Iklan
Iklan
News

KPK Puas dengan Vonis Dua Eks Anak Buah Juliari Batubara

JAKARTA - Komisi Pemberantasan Korupsi (KPK) mengaku puas dengan vonis dua mantan pejabat Kementerian Sosial (Kemensos) Matheus Joko Santoso dan Adi Wahyono. Keduanya divonis dalam perkara suap bansos.

"KPK mengapresiasi putusan Majelis Hakim dalam perkara suap Bansos pada Kemensos RI Tahun 2020 dengan Terdakwa Matheus Joko Santoso dan Ady Wahyono yang menyatakan para Terdakwa terbukti secara sah dan menyakinkan bersalah menurut hukum," kata Plt Juru Bicara KPK Ali Fikri dalam keterangannya, Kamis (2/9).

Ali mengatakan, hakim sudah baik dalam mempertimbangkan fakta persidangan. Lembaga antirasuah juga puas Matheus diberikan pidana pengganti oleh hakim.

"Majelis hakim telah mengakomodir seluruh uraian analisa yuridis pembuktian sebagaimana tuntutan tim jaksa," ujar Ali.

Kendati demikian, Ali belum bisa memastikan pihaknya tidak mengajukan banding. KPK masih memilih pikir-pikir sebelum menentukan sikap.
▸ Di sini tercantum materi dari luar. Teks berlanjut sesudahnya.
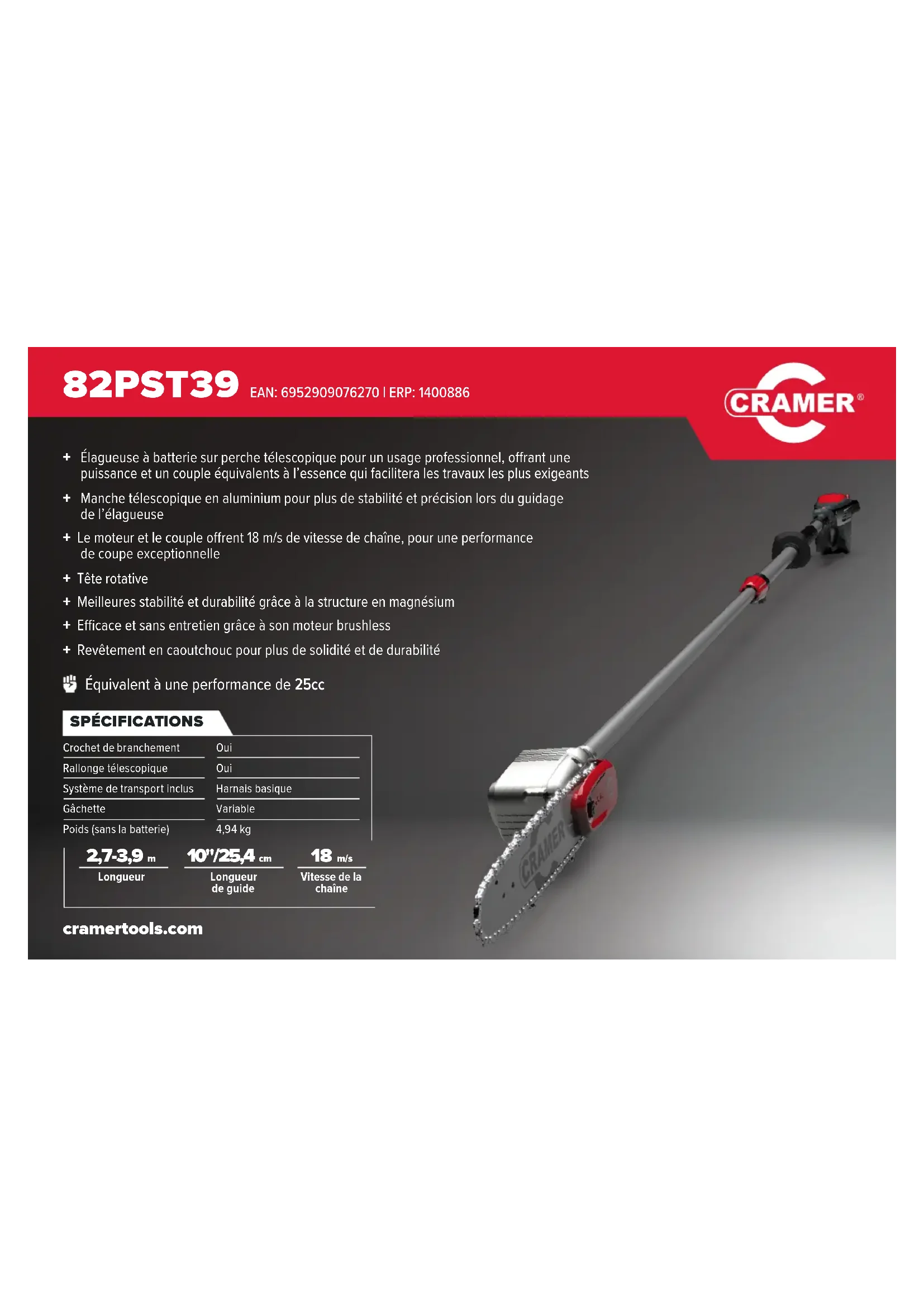 cramertools.com 10"/25,4 cm Longueur de guide Équivalent à une performance de 25cc + Élagueuse à batterie sur perche télescopique pour un usage professionnel, orant une puissance et un couple équivalents à l’essence qui facilitera les travaux les plus exigeants + Manche télescopique en aluminium pour plus de stabilité et précision lors du guidage de l’élagueuse+ Le moteur et le couple orent 18 m/s de vitesse de chaîne, pour une performance de coupe exceptionnelle+ Tête rotative+ Meilleures stabilité et durabilité grâce à la structure en magnésium+ Ecace et sans entretien grâce à son moteur brushless+ Revêtement en caoutchouc pour plus de solidité et de durabilité

"Saat ini tim jaksa masih pikir-pikir atas putusan tersebut untuk memberi waktu menganalisa secara utuh dan lengkap terkait isi pertimbangan dari putusan majelis hakim dimaksud," tutur Ali.
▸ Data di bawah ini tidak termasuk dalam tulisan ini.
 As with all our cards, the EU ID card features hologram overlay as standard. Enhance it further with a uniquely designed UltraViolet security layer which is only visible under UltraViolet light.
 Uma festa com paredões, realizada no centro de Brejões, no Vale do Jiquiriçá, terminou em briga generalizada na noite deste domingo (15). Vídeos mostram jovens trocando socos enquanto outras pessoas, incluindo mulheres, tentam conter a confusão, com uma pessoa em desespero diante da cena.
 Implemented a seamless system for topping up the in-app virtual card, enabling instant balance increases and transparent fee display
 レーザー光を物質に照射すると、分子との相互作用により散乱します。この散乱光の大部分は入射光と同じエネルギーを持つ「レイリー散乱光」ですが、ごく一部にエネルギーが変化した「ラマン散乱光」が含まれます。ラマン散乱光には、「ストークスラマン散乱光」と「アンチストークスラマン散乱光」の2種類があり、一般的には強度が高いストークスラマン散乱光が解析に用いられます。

Diketahui, Matheus Joko divonis sembilan tahun penjara dan denda Rp450 juta subsider enam bulan kurungan. Ia turut dijatuhi hukuman kewajiban pembayaran uang pengganti sebesar Rp1,56 miliar.

Sementara, Adi Wahyono divonis tujuh tahun penjara dan denda Rp350 juta subsider enam bulan kurungan. Namun Adi tidak dijatuhi pidana uang pengganti oleh majelis hakim.

Keduanya dinyatakan bersalah bersama eks Menteri Sosial (Mensos) Juliari Peter Batubara menerima suap sebesar Rp32,48 miliar. 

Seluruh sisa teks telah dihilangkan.